**What to produce**
Reproduce word for word the lines of the listing from the first one through the one with "#УраКаникулы #праздничный_календарь |", omitting every picture.

**Data to process**
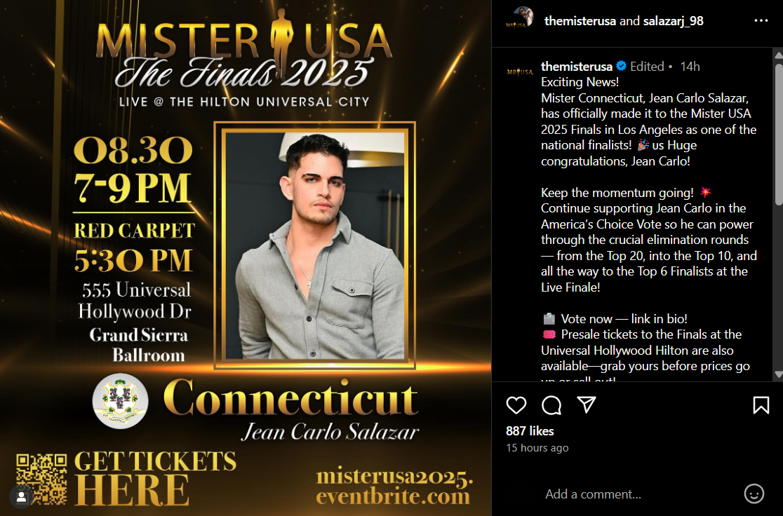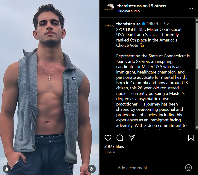 Representing Connecticut in the upcoming Mister USA 2025 competition, Salazar isn’t just a thirst trap in scrubs—though, let’s be honest, he is that too. He’s vying for a crown that’s not about empty aesthetics but about what organizers call “male excellence.” The pageant’s mission? To find an ambassador who is “intelligent, socially aware, and charismatic.” (Having cheekbones that could cut glass? Just a bonus.)
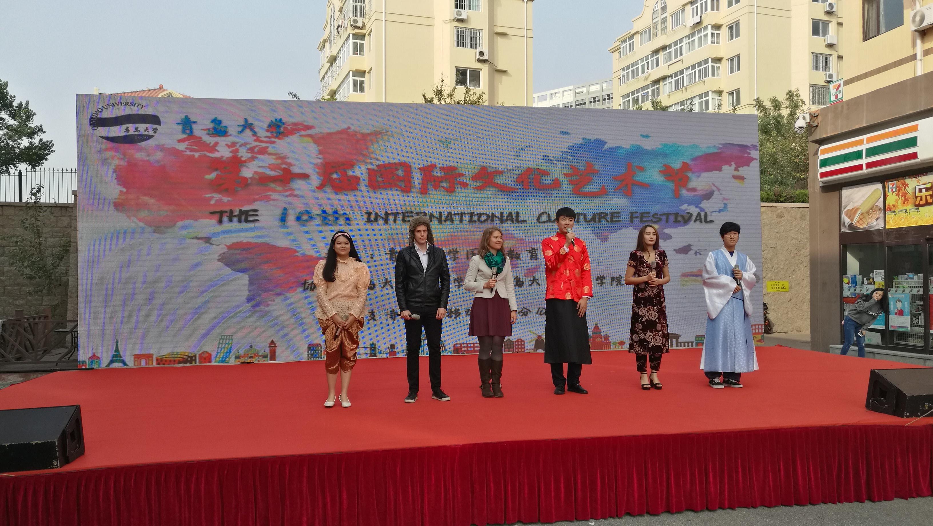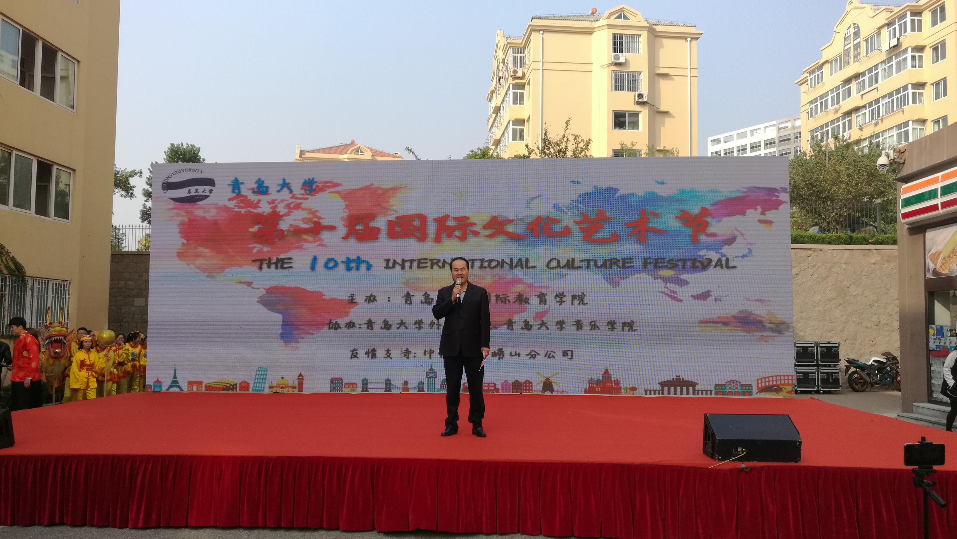 10月20日,由我院主办,青岛大学外语学院、音乐学院协办的青岛大学“第十届国际文化艺术节”在敏行楼前广场举行。校党委常委、副校长于永明出席活动并致开幕词。来自世界40余个国家的留学生及中国学生近千人参加了此次国际文化节。
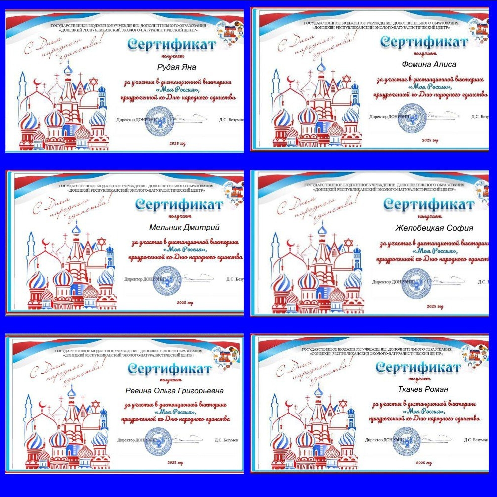 | Дистанционная викторина «МОЯ РОДИНА» Учащиеся 3 – А класса приняли участие в викторине «Моя Россия», приуроченной ко Дню народного единства. #УчитьсяВДонбассе #ДополнительноеОбразованиеДНР #УраКаникулы #праздничный_календарь |
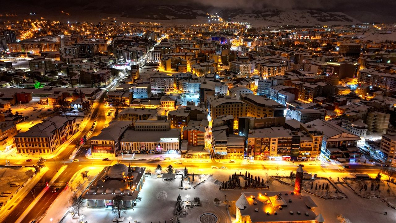 Karın etkisiyle farklı güzelliğe kavuşan tarihi mekanlar ve kent merkezi, dronla havadan görüntülendi.
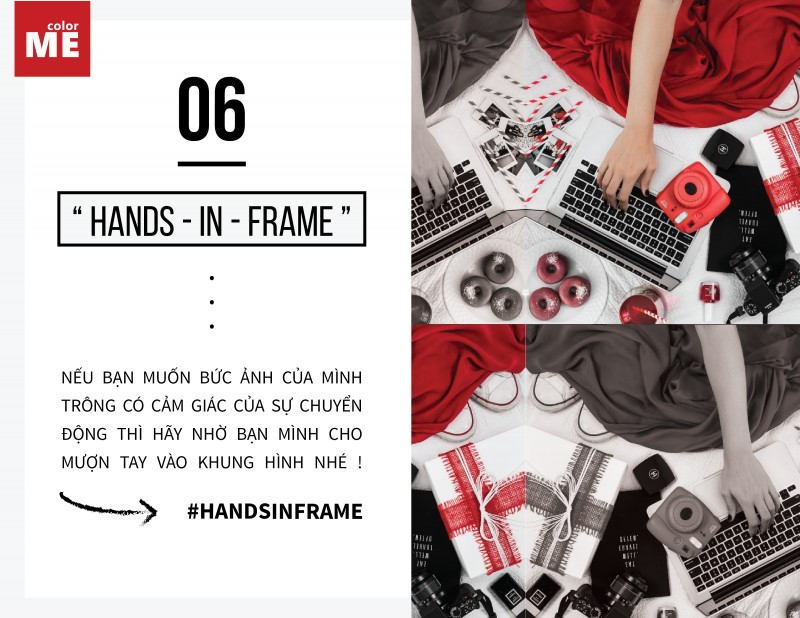 Đây là yếu tố tùy chọn. #HandsInFrame là một hashtag rất phổ biến trên Instagram thường xuất hiện ở các bức ảnh flatlay đẹp lung linh, ảo diệu. Nếu bạn hay ngắm nghía các bức ảnh flatlay trên mạng hẳn bạn sẽ để ý thấy rằng các photographer rất thích cho thêm bàn tay hay cánh tay vào bức ảnh của mình. Điều này đơn giản là nó sẽ giúp cho bức ảnh trông bớt “tĩnh lặng” hơn. Vì vậy nếu bạn muốn bức ảnh của mình trông có cảm giác của sự chuyển động thì hãy nhờ bạn mình cho mượn đôi tay vào khung hình nhé!
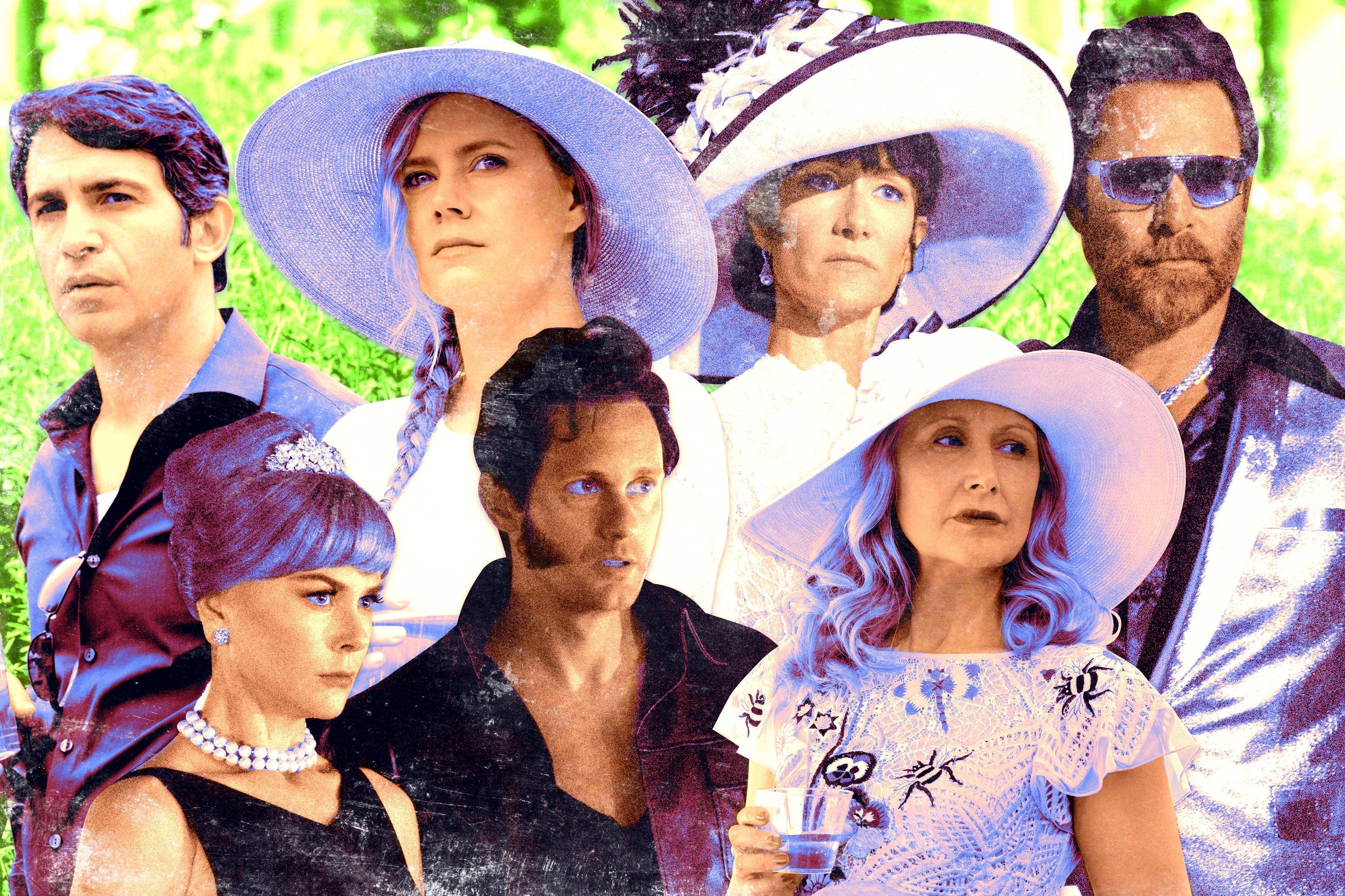 What both party scenes provide is an opportunity to throw all the characters into one place and see how they interact with and irritate one another. In both shows, Vallée provides myriad perspectives from these scenes by cutting between the eyelines of several characters, rather than homing in on a specific protagonist. In Big Little Lies, the camera takes turns following members of the quintet at its center—Kidman’s Celeste, Reese Witherspoon’s Madeline, Shailene Woodley’s Jane, Zoë Kravitz’s Bonnie, and Dern’s Renata—at different points in the evening, building up to their vicious showdown with Perry. In the fifth episode of Sharp Objects, “Closer,” we mostly follow Amy Adams’s Camille, Patricia Clarkson’s Adora, and Chris Messina’s Detective Willis as Adora hosts the town’s annual Calhoun Day: a celebration of Zeke Calhoun, whom Camille bluntly describes as the fictional Wind Gap, Missouri’s “founding pedophile.”
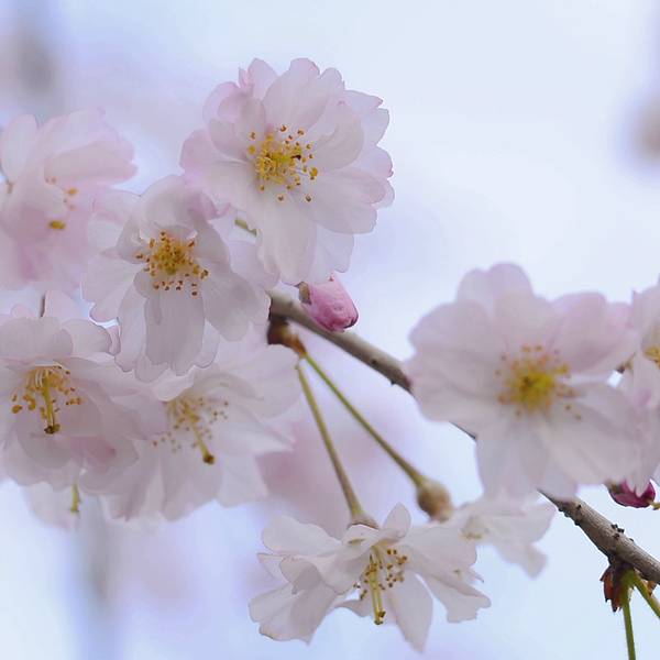 樱园的天空是开满鲜花的!较之武大的樱花,这里的特别之处在于她的规模盛大,她的势不可挡!樱园的樱花是扑面而来的,没有任何铺垫,在进入大门的那一瞬间,她就用汹涌而来的美将你包围!在茂密的樱花林中行走,就会真真切切的感受到一个花开成海的春天!无论你何时不经意的抬头,都会发现,天空被樱花编织成了花网,网住的是你,爱美的心。在这里自拍,是可以随时假装在京都的这粉嫩的颜色,除了少女的脸庞,你还能想到什么?不同于以上图片中的东京樱,垂枝樱的花瓣几近透明,很像我们小时候用来折纸花的玻璃纸,少了几分少女的娇羞,多了几分冰清玉洁的矜持樱园的美,语言和文字无法尽述,只有用眼睛去观察,用心去体会,才能真正感受到樱园之大美!

**Exercise result**
 Representing Connecticut in the upcoming Mister USA 2025 competition, Salazar isn’t just a thirst trap in scrubs—though, let’s be honest, he is that too. He’s vying for a crown that’s not about empty aesthetics but about what organizers call “male excellence.” The pageant’s mission? To find an ambassador who is “intelligent, socially aware, and charismatic.” (Having cheekbones that could cut glass? Just a bonus.)
 10月20日,由我院主办,青岛大学外语学院、音乐学院协办的青岛大学“第十届国际文化艺术节”在敏行楼前广场举行。校党委常委、副校长于永明出席活动并致开幕词。来自世界40余个国家的留学生及中国学生近千人参加了此次国际文化节。
 | Дистанционная викторина «МОЯ РОДИНА» Учащиеся 3 – А класса приняли участие в викторине «Моя Россия», приуроченной ко Дню народного единства. #УчитьсяВДонбассе #ДополнительноеОбразованиеДНР #УраКаникулы #праздничный_календарь |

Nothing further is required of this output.